From 1934 to the 1960s, the Federal Housing Administration refused to insure mortgages for Black families, calling it an “economically sound” policy. This helped establish the red lines on maps that labeled Black neighborhoods as “too risky.” Even Black veterans who served in World War II were denied access to GI Bill home loans that helped white families build generational wealth.
Black families were just as qualified to buy those affordable homes but were denied access.
White families purchased homes for $7,000 in the 1950s that are now worth $300,000 to $400,000. That appreciation built the white middle class. Black families were locked out by design.
If they move forward with the 50-year mortgage plan, working-class Black families in particular will feel the impact first, depleting the wealth we have accumulated despite all the barriers we’ve faced.
Prices are high. Rates are high. Affordability is at its lowest point in decades. We need two incomes, side hustles, credit stacking, and divine intervention to compete with institutional investors and inflated housing prices.
A 50-year mortgage does not solve this. It expands the burden by creating the illusion of affordability and traps people in a cycle of debt for life.
Think about retirement.
The average Social Security check is about $1,900 a month. Even if the program still exists in its current form by the time today’s buyers reach retirement age, how will they manage a $2,500 to $3,000 mortgage and still afford food, medicine, and basic living costs?
A 50-year mortgage pushes Black homeowners into a future where retirement is impossible, which is its own form of bondage. Bondage is debt you cannot escape. Bondage is owing a bank money until the day you die.
The data on Black wealth is already alarming. A report from Prosperity Now and the Institute for Policy Studies predicts that by 2053, the median wealth of Black Americans will fall to zero if trends do not change. A 50-year mortgage moves us closer to that outcome.
The legacy of housing discrimination still shapes today’s wealth divide.
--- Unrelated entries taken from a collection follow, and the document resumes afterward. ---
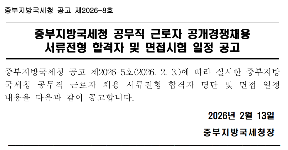중부지방국세청 공무직 근로자 공개경쟁채용 서류전형 합격자 및 면접시험 일정 공고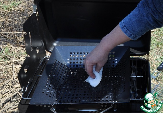 • Готовность углей проверяем по жару на расстоянии 15 см от углей. Рука не должна держать жар, но уже и не должно быть открытого огня.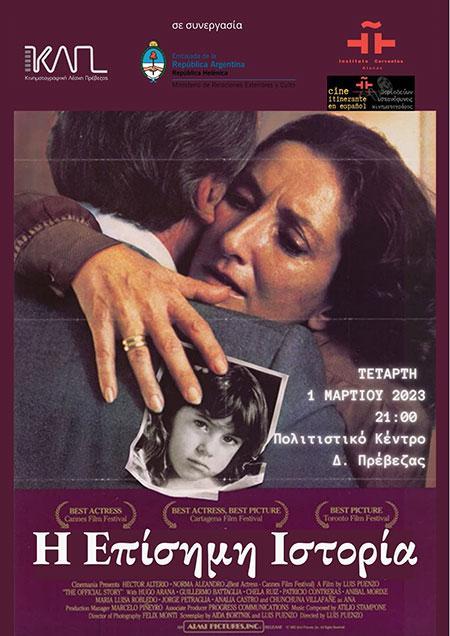 Η Κινηματογραφική Λέσχη πιστή στην προβολή ταινιών με κινηματογραφικό χαρακτήρα και αισθητική ξεκινά ένα αφιέρωμα στον ισπανόφωνο κινηματογράφο με την αμέριστη και πολύτιμη συμβολή του Ινστιτούτου Θερβάντεςκαι της Πρεσβείας της Αργεντινής στην Ελλάδα την Τετάρτη1 Μαρτίου2023, 21:00προβάλλοντας την ταινία«Επίσημη Ιστορία/ Historiaofficial»,στο Πολιτιστικό Κέντρο του Δήμου Πρέβεζας με ελεύθερη είσοδο.Το πρόγραμμα έχει σκοπό να γνωρίσει στο ελληνικό κινηματογραφόφιλο κοινό τον κινηματογράφο των ισπανόφωνων χωρών. Για τον λόγο αυτόν, το Ινστιτούτο Θερβάντες συνεργάζεται με την Ταινιοθήκη του ισπανικού Υπουργείου Εξωτερικών, τις πρεσβείες διαφόρων χωρών, όπως η Ισπανία, η Αργεντινή, η Ουρουγουάη και το Προξενείο του Ισημερινού.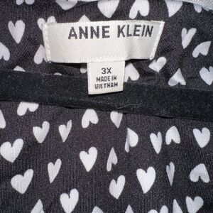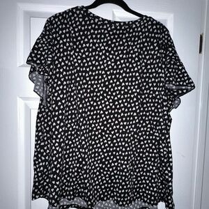 Add a touch of charm to your wardrobe with this Anne Klein short sleeve T-shirt. Featuring a flattering 3XL fit, soft fabric, and an adorable white heart pattern on a black background. Perfect for casual outings or layering under a jacket. Gently worn and in excellent condition.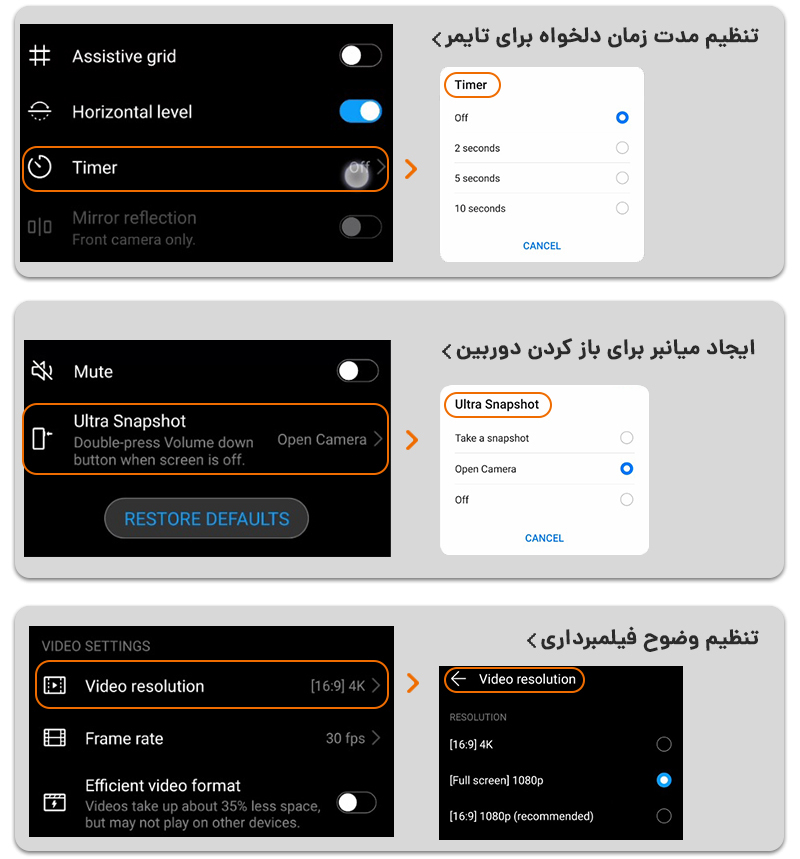 در این قسمت آپشنی به نام «Ultra snapshot» وجود دارد و به این صورت عمل میکند که اگر Take Snapshot فعال باشد، کافیست ۲ بار پشت سرهم دکمه پایینی کنترل صدا را بزنید تا گوشی عکس بگیرد و اگر Open camera را انتخاب کرده باشید، با ۲ بار فشار دادن دکمه پایین راکر کنترل صدا دوربین گوشی باز میشود.
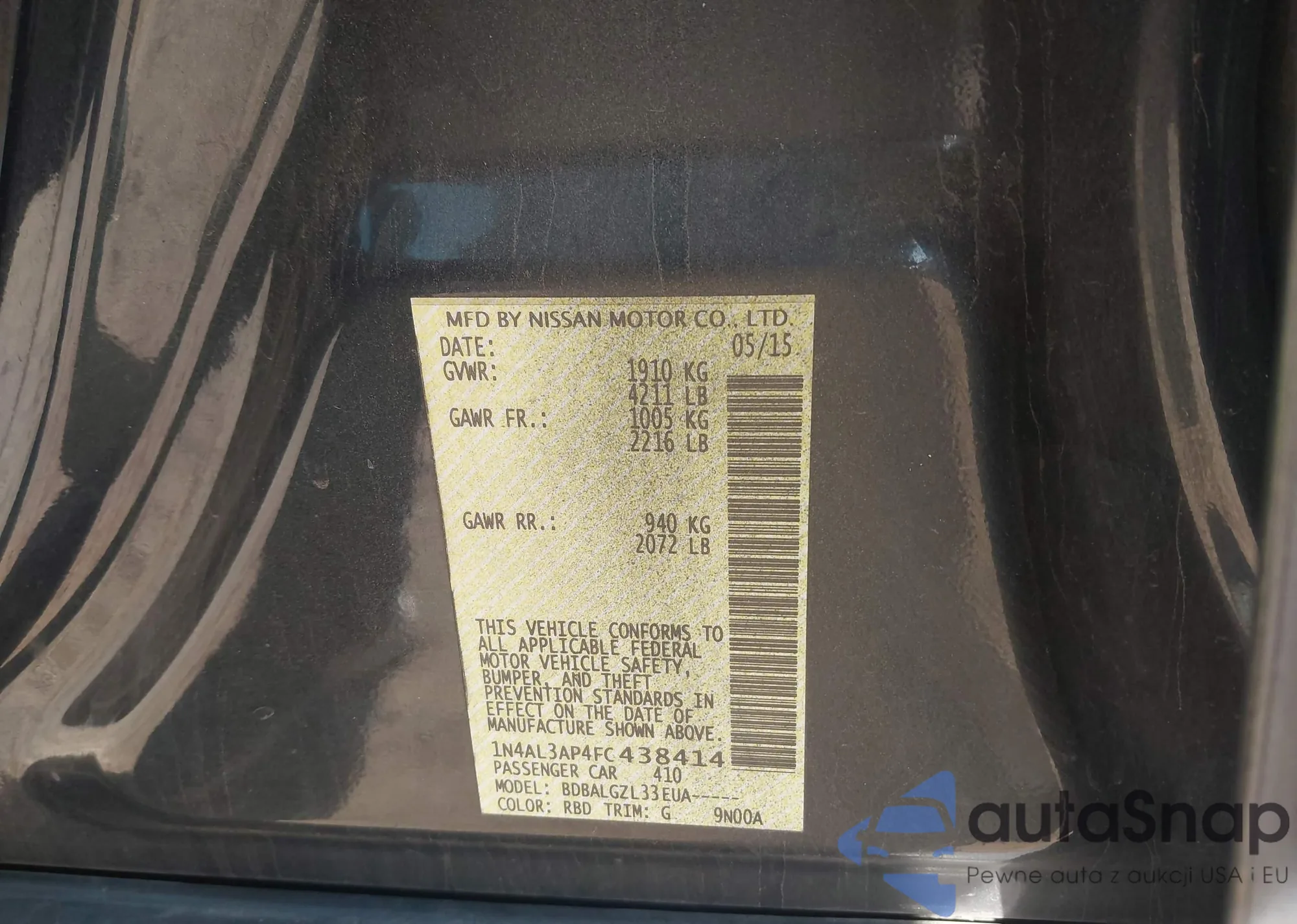 LOT: 42432577 VIN: 1N4AL3AP4FC438414

What we need is access, not more years added to a loan.
The real solutions are clear:
- Affordable housing construction.
- Lower interest rates.
- Higher wages.
- Down payment assistance.
- Regulation on hedge funds buying entire neighborhoods.
- Stronger consumer protections against products disguised as opportunities.
A 50-year mortgage solves none of this. It solves one thing for banks. Profit.
Family, do not make decisions today that will bankrupt your future. Before you sign a 50-year mortgage, ask yourself:
Will I still be paying this when I am supposed to be retired?
Will this help me build equity or delay it?
Will this protect or drain my family’s wealth?
A mortgage should be a path to ownership.
We cannot build generational wealth on a foundation of generational debt.